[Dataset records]
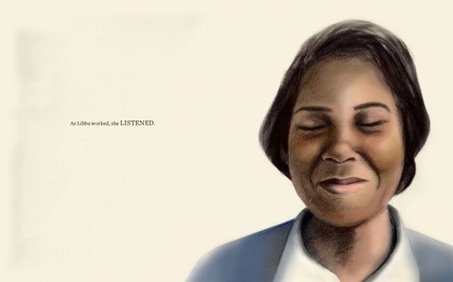 In Libba: The Magnificent Musical Life of Elizabeth Cotten by singer-songwriter Laura Veirs and debut illustrator Tatyana Fazlalizadeh (Chronicle Books, 2018), we see how Libba ultimately accomplished “what she was born to do” despite the many ups and downs in her life.
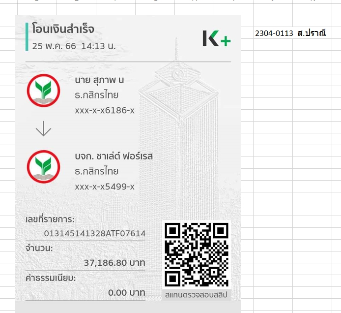 รับชำระ ห้างหุ้นส่วนจำกัด ส.ปราณี(คอนกรีต) สำนักงานใหญ่ ตัดชำระ INVPD2304-0113
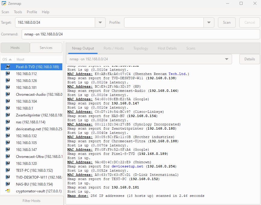 Een netwerkscanner is handig als je snel een overzicht van de aangesloten apparaten wilt (met adressen en services).
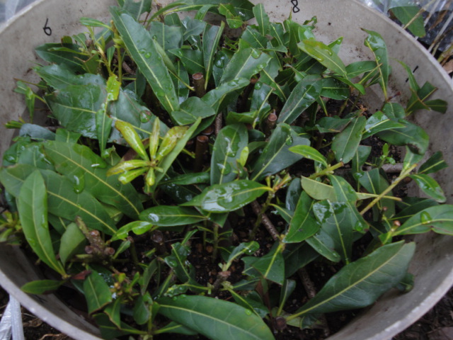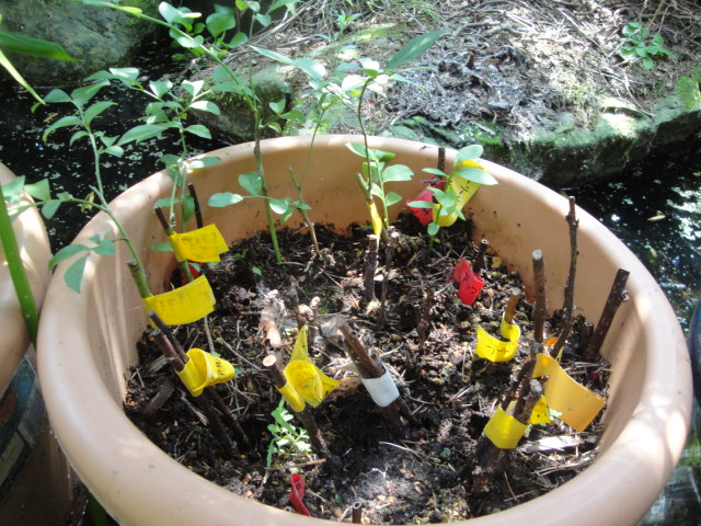 挿し木について これまで、色々な品種の果物を育てる為、主に一本かそれ以上の台木を用意し、その台木に接木していたのですが、それだけでは以下の様な幾つかの問題点が出てきています。 @接木が難しい品種やそもそも台木が無い品種の穂木を入手出来た場合の品種保存 A台木と穂木との相性を確認する為の台木量の確保 Bブルーベリーや矮性台の様に比較的多くの台木を必要とする場合の台木量の確保 C台木用品種の確保 そこで、挿し木により木種の保存を行ったり、台木の増殖を試みていますが、以下の様な課題があり、それにに応じた方法にて実施したり、実施方法を模索しながらの挿木となっています。 @潅水が自由に出来ず、最大2週間程潅水無しに成る事(木種全体) A発根が困難な木種があり、挿し木の時期や方法のノウハウ獲得。 そこで、@の潅水が自由に出来ない問題点を解決する為、池に鉢を入れて育てる 「池ポチャ方式挿し」、Aの問題点解決の為、時期や挿し方を色々変えたり、挿し穂を密封する等の方法を試しています。 それらの失敗の経験を元にして、毎年少しずつ方法を変え挿木を行っています。 2020年の挿木の様子 − 前年度までの経験を元に、土は菌の少ない赤球土や鹿沼土を使用、水切れ防止の為トロ箱への挿木の場合底に少し水が溜まる様工夫、葉を着けた新枝の挿木は、乾燥防止の為密封式とした。 池ポチャ挿し 以下は2009年の挿し木結果です。2009年は、ブルーベリー以外失敗が多かったのですが、原因は接木で余った枝の挿し木が多く時期が遅れ気味だったことに加え、日射量の調整を行わなかった事、虫やナメクジ等の食害の対策を怠った等によると考えています。 2010年は、2009年の失敗の結果を踏まえ、挿し木の時期等失敗の原因に対する対策を行い、成功率を上げたいと思っています。 池ポチャ方式の各種木種の例は、右のページでご紹介を行っています。 池ポチャ方式挿木2010年の状況
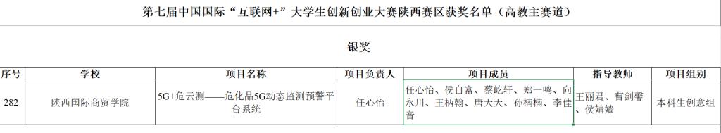 ——在第七届中国国际“互联网+”大学生创新创业大赛陕西赛区中获银奖。近日,第七届中国国际“互联网+”大学生创新创业大赛陕西赛区省级复赛落幕。经过层层选拔,信息工程学院“5G+危云测——危化品5G动态监控预警平台系统”项目获高教主赛道陕西赛区银奖。
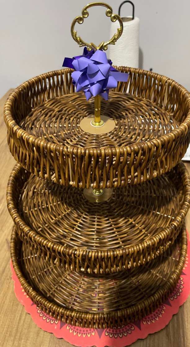 Parlak kahverengi örgü sepet, üç katmanlı tasarımıyla pratik depolama sağlar ve doğal bir görünüm sunar.
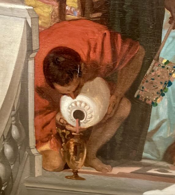 Il fait asseoir le laquais, le fait boire, et lui verse de nouveau du vin.
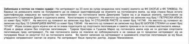 „На натпреварот од 23 коло во супер младинска лига помеѓу екипите на ФК СКОПЈЕ и ФК ТИКВЕШ, По барање на домашната екипа на полувремето да се изврши идентификација на играчите од гостинската екипа, од моја страна беше истата идентификација извршена во присуство на претставникот на гостинската екипа Димитриев Трајче кој и ја водеше екипата, претставник на домашните Стојановски Драган и судиската екипа.
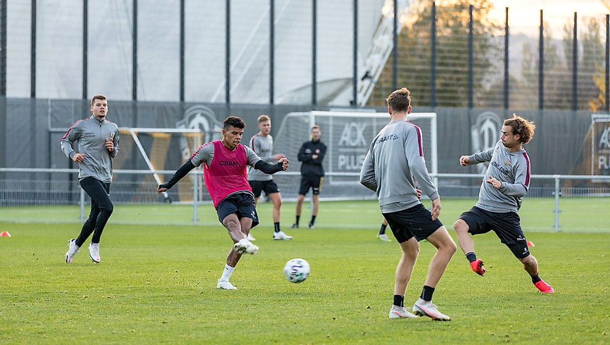 Die umliegenden Bäume an der AOK PLUS Walter-Fritzsch-Akademie haben Mitte November zu einem großen Teil ihr Laub verloren. Dynamos Cheftrainer Markus Kauczinski holte am Mittwoch bei sieben Grad Celsius und leichtem Wind unterdessen die dicken Winterklamotten raus, um sich mit seiner Mannschaft auf das nächste Geister-Heimspiel in der 3. Liga vorzubereiten.Zu Beginn des Trainingstages wurde sich bei einem gemeinsamen Ständchen diesmal warmgesungen: Fitnesstrainer Matthias Grahé (52) und Linksverteidiger Jonathan Meier (21) feierten am 11. November, dem „Martinstag“, Geburtstag.

Problem statement:
Nothing except the lines from the one containing "Een netwerkscanner is" through the one containing "и судиската екипа." should appear in the answer, exactly as above and without pictures.

Your solution:
 Een netwerkscanner is handig als je snel een overzicht van de aangesloten apparaten wilt (met adressen en services).
 挿し木について これまで、色々な品種の果物を育てる為、主に一本かそれ以上の台木を用意し、その台木に接木していたのですが、それだけでは以下の様な幾つかの問題点が出てきています。 @接木が難しい品種やそもそも台木が無い品種の穂木を入手出来た場合の品種保存 A台木と穂木との相性を確認する為の台木量の確保 Bブルーベリーや矮性台の様に比較的多くの台木を必要とする場合の台木量の確保 C台木用品種の確保 そこで、挿し木により木種の保存を行ったり、台木の増殖を試みていますが、以下の様な課題があり、それにに応じた方法にて実施したり、実施方法を模索しながらの挿木となっています。 @潅水が自由に出来ず、最大2週間程潅水無しに成る事(木種全体) A発根が困難な木種があり、挿し木の時期や方法のノウハウ獲得。 そこで、@の潅水が自由に出来ない問題点を解決する為、池に鉢を入れて育てる 「池ポチャ方式挿し」、Aの問題点解決の為、時期や挿し方を色々変えたり、挿し穂を密封する等の方法を試しています。 それらの失敗の経験を元にして、毎年少しずつ方法を変え挿木を行っています。 2020年の挿木の様子 − 前年度までの経験を元に、土は菌の少ない赤球土や鹿沼土を使用、水切れ防止の為トロ箱への挿木の場合底に少し水が溜まる様工夫、葉を着けた新枝の挿木は、乾燥防止の為密封式とした。 池ポチャ挿し 以下は2009年の挿し木結果です。2009年は、ブルーベリー以外失敗が多かったのですが、原因は接木で余った枝の挿し木が多く時期が遅れ気味だったことに加え、日射量の調整を行わなかった事、虫やナメクジ等の食害の対策を怠った等によると考えています。 2010年は、2009年の失敗の結果を踏まえ、挿し木の時期等失敗の原因に対する対策を行い、成功率を上げたいと思っています。 池ポチャ方式の各種木種の例は、右のページでご紹介を行っています。 池ポチャ方式挿木2010年の状況
 ——在第七届中国国际“互联网+”大学生创新创业大赛陕西赛区中获银奖。近日,第七届中国国际“互联网+”大学生创新创业大赛陕西赛区省级复赛落幕。经过层层选拔,信息工程学院“5G+危云测——危化品5G动态监控预警平台系统”项目获高教主赛道陕西赛区银奖。
 Parlak kahverengi örgü sepet, üç katmanlı tasarımıyla pratik depolama sağlar ve doğal bir görünüm sunar.
 Il fait asseoir le laquais, le fait boire, et lui verse de nouveau du vin.
 „На натпреварот од 23 коло во супер младинска лига помеѓу екипите на ФК СКОПЈЕ и ФК ТИКВЕШ, По барање на домашната екипа на полувремето да се изврши идентификација на играчите од гостинската екипа, од моја страна беше истата идентификација извршена во присуство на претставникот на гостинската екипа Димитриев Трајче кој и ја водеше екипата, претставник на домашните Стојановски Драган и судиската екипа.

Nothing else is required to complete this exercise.